**Data records:**

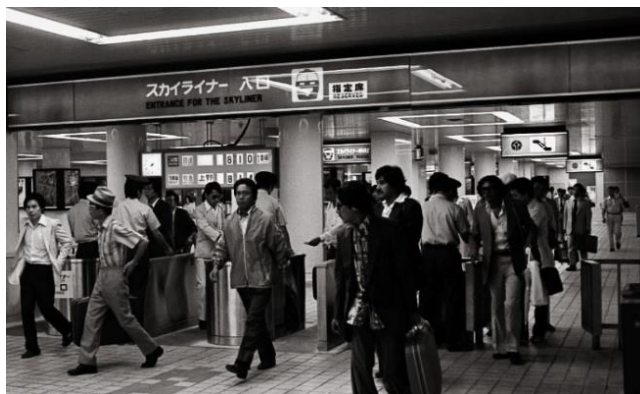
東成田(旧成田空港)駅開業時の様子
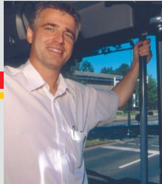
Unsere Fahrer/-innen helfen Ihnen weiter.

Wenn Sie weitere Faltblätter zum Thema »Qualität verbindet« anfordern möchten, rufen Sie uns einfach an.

* * *

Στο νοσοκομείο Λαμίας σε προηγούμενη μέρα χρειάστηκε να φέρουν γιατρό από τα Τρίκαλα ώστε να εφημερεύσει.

**What the exercise asks:** Print exactly, with no pictures, the lines above from the one that holds "東成田(旧成田空港)駅開業時の様子" through the one that holds "Wenn Sie weitere", both of them included.

**Reply to the exercise:**
東成田(旧成田空港)駅開業時の様子
Unsere Fahrer/-innen helfen Ihnen weiter.

Wenn Sie weitere Faltblätter zum Thema »Qualität verbindet« anfordern möchten, rufen Sie uns einfach an.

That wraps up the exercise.